TASK DESCRIPTION → Exact copy, pictures excluded: write out every line below.

━━ EXCERPTED DATA ━━

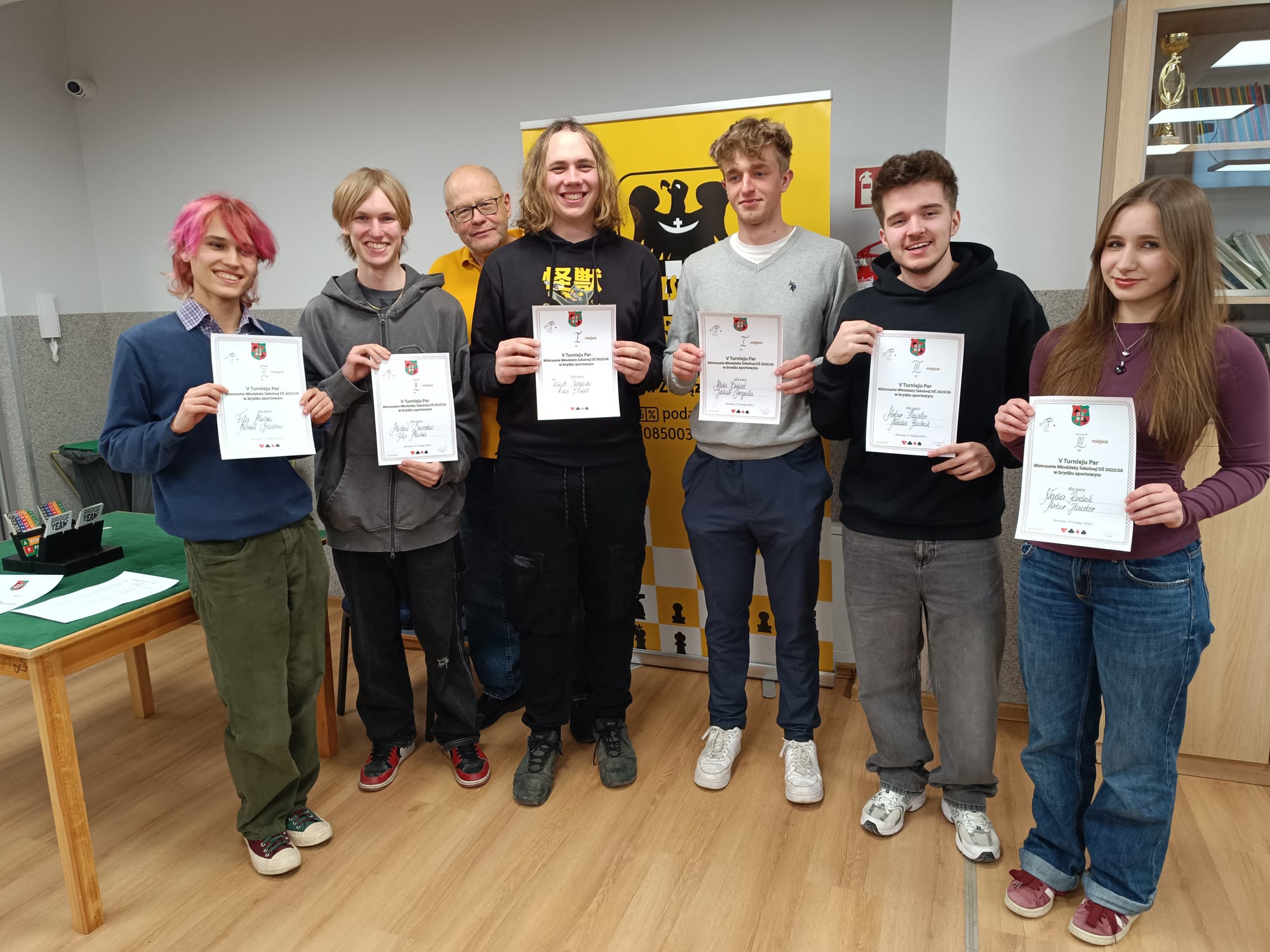 27 lutego odbył się kolejny turniej Dolnośląskiej Ligi Szkolnej w brydżu. Pierwsze miejsce zajął Jakub Czogalla (4A1), grający w parze z Aleksem Bukatem (I LO w Jeleniej Górze). Drugie miejsce zdobyli uczniowie XIV Liceum Ogólnokształcącego we Wrocławiu – Filip Mucha (4A1) i Michał Dziedzic (4A2). Serdecznie gratulujemy zawodnikom bardzo dobrych wyników.
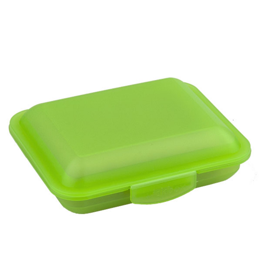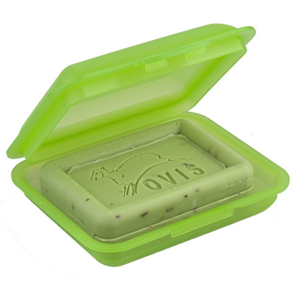 Lehce průhledná plastová krabička na uchování mýdla na cestách.
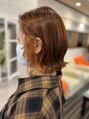 オレンジベースにオレンジのイヤリングカラー。この明るさならイヤリングカラーは1ブリーチでも出来ます。大人女性にもオススメなイヤリングカラー♪
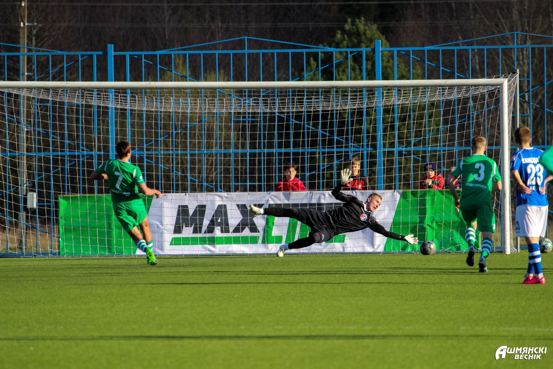 Хороший шанс увеличить счет получили речичане во втором тайме. За нарушение в штрафной площади был назначен пенальти, но вратарь «Ошмян» мастерски отразил 11-метровый.
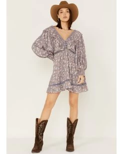 Angie Women’s Navy Long Sleeve Smocked Floral Border Mini Dress
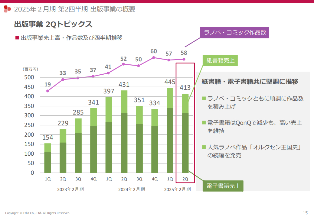 エディア<3935>の2025年2月期 8月中間期における出版事業の売上高は前年同期比3.6%増の8億5800万円だった。初の2四半期連続の売上高4億円超えとなった。同社の出版事業については、一二三書房が中心となっているが、電子書籍の売上が好調だった、としている。

━━━

SOLUTION BELOW →
 27 lutego odbył się kolejny turniej Dolnośląskiej Ligi Szkolnej w brydżu. Pierwsze miejsce zajął Jakub Czogalla (4A1), grający w parze z Aleksem Bukatem (I LO w Jeleniej Górze). Drugie miejsce zdobyli uczniowie XIV Liceum Ogólnokształcącego we Wrocławiu – Filip Mucha (4A1) i Michał Dziedzic (4A2). Serdecznie gratulujemy zawodnikom bardzo dobrych wyników.
 Lehce průhledná plastová krabička na uchování mýdla na cestách.
 オレンジベースにオレンジのイヤリングカラー。この明るさならイヤリングカラーは1ブリーチでも出来ます。大人女性にもオススメなイヤリングカラー♪
 Хороший шанс увеличить счет получили речичане во втором тайме. За нарушение в штрафной площади был назначен пенальти, но вратарь «Ошмян» мастерски отразил 11-метровый.
 Angie Women’s Navy Long Sleeve Smocked Floral Border Mini Dress
 エディア<3935>の2025年2月期 8月中間期における出版事業の売上高は前年同期比3.6%増の8億5800万円だった。初の2四半期連続の売上高4億円超えとなった。同社の出版事業については、一二三書房が中心となっているが、電子書籍の売上が好調だった、としている。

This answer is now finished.